Sekadau (Suara Landak) – Bencana banjir melanda wilayah Kabupaten Sekadau, Kalimantan Barat, sejak Kamis (8/1/2026) dini hari. Curah hujan lebat hingga sangat lebat yang mengguyur Kecamatan Nanga Taman dan Kecamatan Nanga Mahap menyebabkan Sungai Sekadau meluap dan merendam ribuan rumah warga.
Banjir Rendam Dua Kecamatan di Sekadau, 11.583 Jiwa Terdampak.SUARALANDAK/SK
Banjir mulai terjadi sekitar pukul 03.00 WIB dan hingga Kamis sore masih menggenangi sejumlah desa. Berdasarkan laporan Badan Penanggulangan Bencana Daerah (BPBD) Kabupaten Sekadau, hujan dengan intensitas tinggi terjadi sejak Rabu (7/1/2026) malam sekitar pukul 20.00 WIB hingga dini hari, sehingga debit air Sungai Sekadau meningkat signifikan dan meluap ke permukiman warga.

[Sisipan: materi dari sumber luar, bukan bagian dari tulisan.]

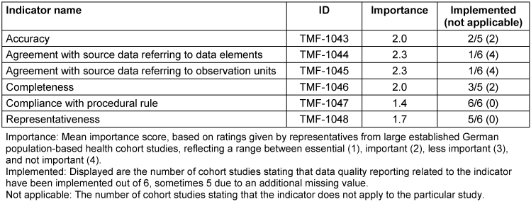 In this work, the applicability, importance and implementation of the TMF data quality indicators was assessed by representatives from established German population-based epidemiologic cohort studies. Based on this assessment, we aimed to provide guidance on indicators considered to be of high relevance and on how to further improve the guideline. Secondary data collections with their specific demands, including the integration of data from secondary sources within the participating cohort studies, were not in focus.
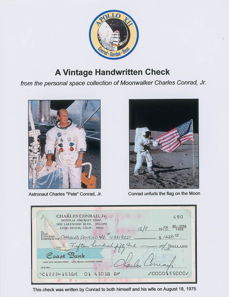 Personal check, 6 x 2.75, filled out in another hand and signed by Conrad, payable to Charles Conrad, Jr. for $1550.00, December 7, 1978. Removably presented on a color 8.5 x 11 informational sheet. In fine condition, with light show-through from bank stamps on reverse.

Pelaksana Tugas Kepala Pelaksana BPBD Kabupaten Sekadau, Heri Handoko Susilo, mengatakan pihaknya bersama tim gabungan telah turun langsung ke lapangan untuk melakukan penanganan dan pemantauan kondisi banjir di wilayah terdampak.

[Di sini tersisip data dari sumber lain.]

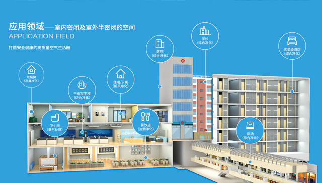 百歐森可專門針對(duì)寫字樓、商業(yè)綜合體、住宅、會(huì)展中心、學(xué)校、銀行、機(jī)場(chǎng)、醫(yī)院、酒店、實(shí)驗(yàn)室、垃圾房等場(chǎng)所的空氣污染問(wèn)題,主要針對(duì)密閉或半密閉的室內(nèi)空間。定制智能化新風(fēng)系統(tǒng)專屬解決方案,進(jìn)行殺菌消毒、甲醛處理、PM2.5處理、垃圾房惡臭處理和油煙凈化處理,有效控制化學(xué)污染、生物污染和二氧化碳超標(biāo)等問(wèn)題。

“BPBD bersama unsur TNI, Polri, OPD terkait, pihak kecamatan, serta pemerintah desa melakukan monitoring, patroli, evakuasi warga, dan pendataan dampak banjir,” ujar Heri dalam laporan tertulis yang diterima Suara Kalbar, Kamis (8/1/2026) sore.
Berdasarkan data BPBD Kabupaten Sekadau per Kamis (8/1/2026) pukul 18.00 WIB, tercatat sebanyak 3.545 kepala keluarga (KK) atau 11.583 jiwa terdampak banjir di dua kecamatan tersebut.

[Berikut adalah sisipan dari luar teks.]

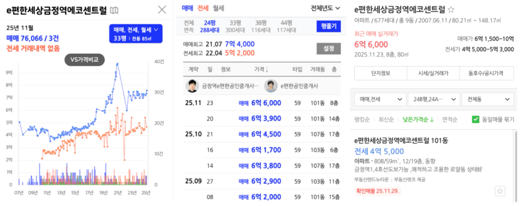 그 바로 옆에 위치하고 있는 준구축 (2007년식) e편한세상금정역에코센트럴이 6.6억에 거래되었습니다.

Di Kecamatan Nanga Taman, banjir merendam 10 desa dengan total 2.882 KK atau 9.779 jiwa terdampak. Desa-desa yang terdampak meliputi Desa Nanga Taman, Nanga Mongko, Meragun, Senangak, Sungai Lawak, Rirang Jati, Nanga Koman, Nanga Kiungkang, Nanga Mentukak, dan Semerawai.
Sementara itu, di Kecamatan Nanga Mahap, banjir merendam Desa Lembah Beringin dengan jumlah warga terdampak mencapai 663 KK atau 1.804 jiwa.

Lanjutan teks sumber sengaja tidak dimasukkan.